What needs reproducing is the run of lines in the data below starting at the line with "小八虚拟神器是一款免root" and ending at the line with "Beyaz Unisex Oversize", both ends included. Copy it exactly, without pictures, and add nothing.

*** Opening SUPPLIED RECORDS ***

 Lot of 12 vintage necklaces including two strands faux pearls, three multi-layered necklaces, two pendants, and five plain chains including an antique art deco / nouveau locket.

*** Closing SUPPLIED RECORDS ***
*** Opening SUPPLIED RECORDS ***

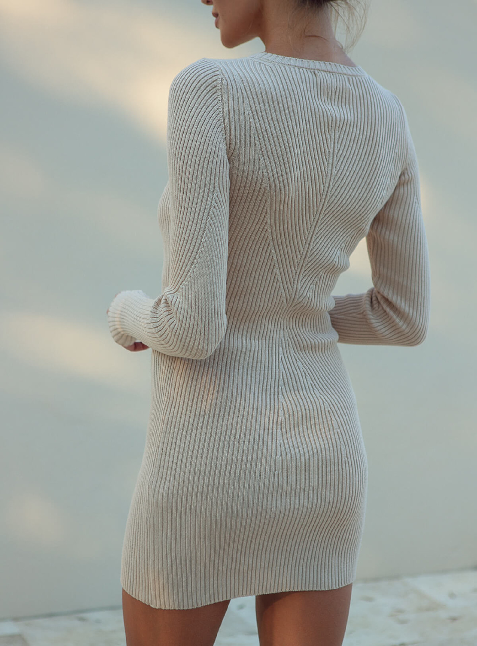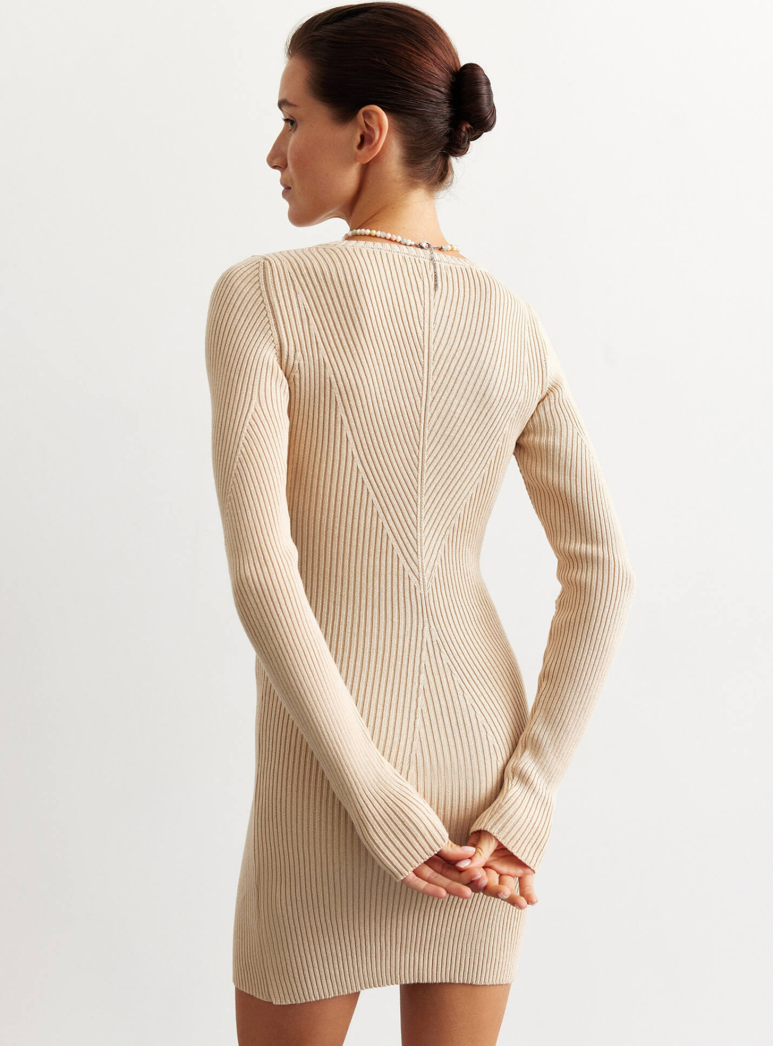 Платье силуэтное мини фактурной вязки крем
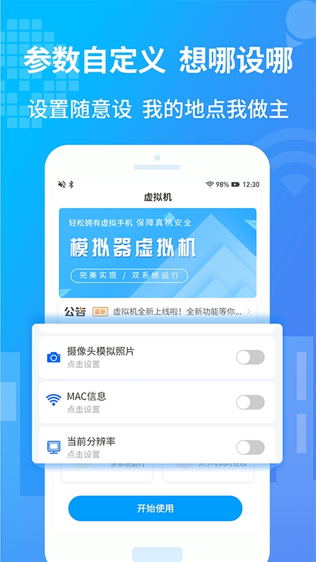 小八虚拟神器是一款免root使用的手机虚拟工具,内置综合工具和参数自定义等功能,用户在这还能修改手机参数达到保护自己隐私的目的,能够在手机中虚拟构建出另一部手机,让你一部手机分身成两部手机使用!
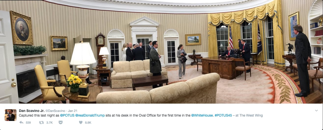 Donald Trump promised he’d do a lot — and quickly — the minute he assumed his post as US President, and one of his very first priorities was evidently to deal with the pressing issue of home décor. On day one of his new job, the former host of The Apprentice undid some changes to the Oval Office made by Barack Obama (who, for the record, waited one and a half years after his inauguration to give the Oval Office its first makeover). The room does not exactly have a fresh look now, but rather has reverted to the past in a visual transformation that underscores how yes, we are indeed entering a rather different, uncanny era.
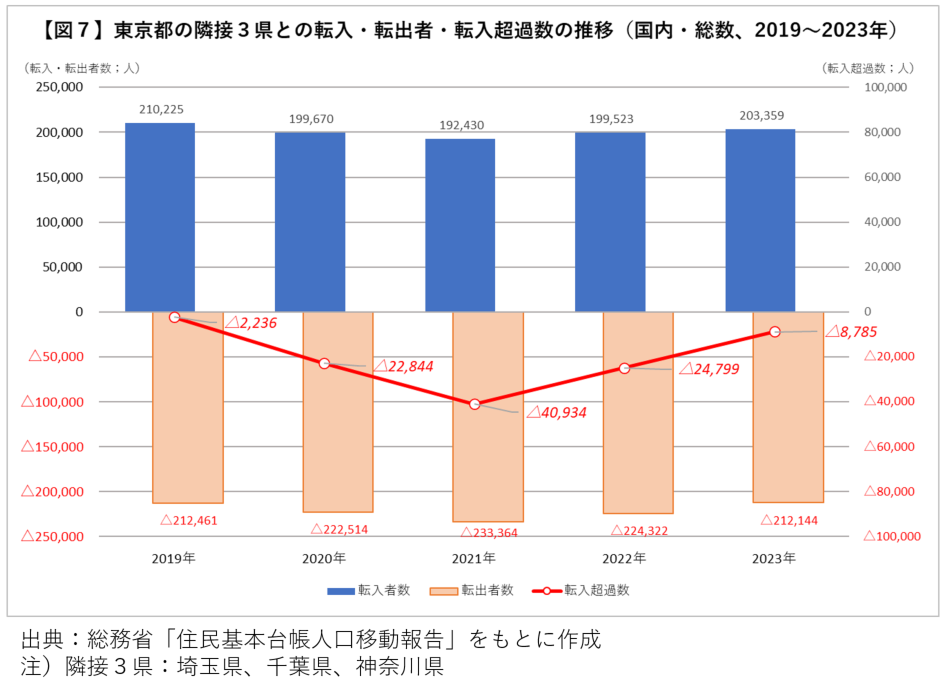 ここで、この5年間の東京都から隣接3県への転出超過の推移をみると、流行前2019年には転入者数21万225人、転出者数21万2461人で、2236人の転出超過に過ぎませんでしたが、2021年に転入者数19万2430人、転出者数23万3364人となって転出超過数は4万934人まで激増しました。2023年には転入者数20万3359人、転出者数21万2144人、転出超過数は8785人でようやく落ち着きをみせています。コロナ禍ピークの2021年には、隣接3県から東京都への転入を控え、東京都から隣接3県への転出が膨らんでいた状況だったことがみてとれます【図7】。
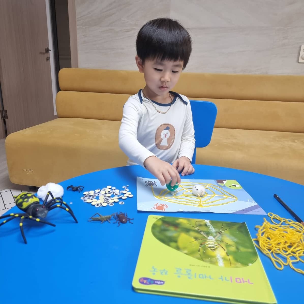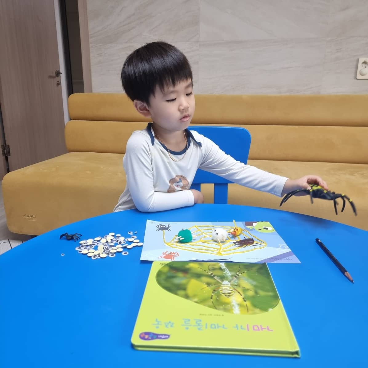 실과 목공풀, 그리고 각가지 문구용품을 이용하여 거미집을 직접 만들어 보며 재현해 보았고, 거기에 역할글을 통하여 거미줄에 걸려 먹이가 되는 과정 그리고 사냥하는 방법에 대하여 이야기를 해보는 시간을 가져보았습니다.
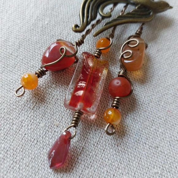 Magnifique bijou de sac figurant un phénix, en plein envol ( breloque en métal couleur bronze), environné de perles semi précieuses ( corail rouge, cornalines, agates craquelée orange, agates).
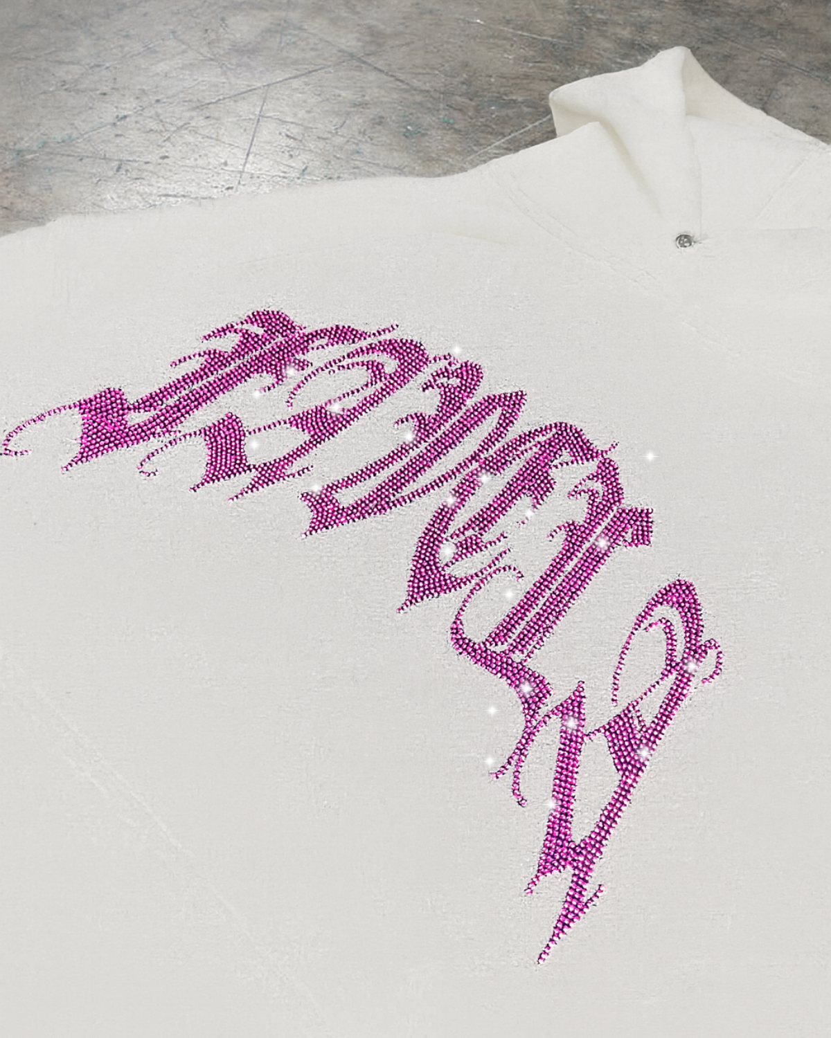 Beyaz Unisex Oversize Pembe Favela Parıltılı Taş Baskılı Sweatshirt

*** Closing SUPPLIED RECORDS ***
*** Opening SUPPLIED RECORDS ***

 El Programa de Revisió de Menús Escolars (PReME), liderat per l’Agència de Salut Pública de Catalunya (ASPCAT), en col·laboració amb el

*** Closing SUPPLIED RECORDS ***

* FINAL ANSWER:
 小八虚拟神器是一款免root使用的手机虚拟工具,内置综合工具和参数自定义等功能,用户在这还能修改手机参数达到保护自己隐私的目的,能够在手机中虚拟构建出另一部手机,让你一部手机分身成两部手机使用!
 Donald Trump promised he’d do a lot — and quickly — the minute he assumed his post as US President, and one of his very first priorities was evidently to deal with the pressing issue of home décor. On day one of his new job, the former host of The Apprentice undid some changes to the Oval Office made by Barack Obama (who, for the record, waited one and a half years after his inauguration to give the Oval Office its first makeover). The room does not exactly have a fresh look now, but rather has reverted to the past in a visual transformation that underscores how yes, we are indeed entering a rather different, uncanny era.
 ここで、この5年間の東京都から隣接3県への転出超過の推移をみると、流行前2019年には転入者数21万225人、転出者数21万2461人で、2236人の転出超過に過ぎませんでしたが、2021年に転入者数19万2430人、転出者数23万3364人となって転出超過数は4万934人まで激増しました。2023年には転入者数20万3359人、転出者数21万2144人、転出超過数は8785人でようやく落ち着きをみせています。コロナ禍ピークの2021年には、隣接3県から東京都への転入を控え、東京都から隣接3県への転出が膨らんでいた状況だったことがみてとれます【図7】。
 실과 목공풀, 그리고 각가지 문구용품을 이용하여 거미집을 직접 만들어 보며 재현해 보았고, 거기에 역할글을 통하여 거미줄에 걸려 먹이가 되는 과정 그리고 사냥하는 방법에 대하여 이야기를 해보는 시간을 가져보았습니다.
 Magnifique bijou de sac figurant un phénix, en plein envol ( breloque en métal couleur bronze), environné de perles semi précieuses ( corail rouge, cornalines, agates craquelée orange, agates).
 Beyaz Unisex Oversize Pembe Favela Parıltılı Taş Baskılı Sweatshirt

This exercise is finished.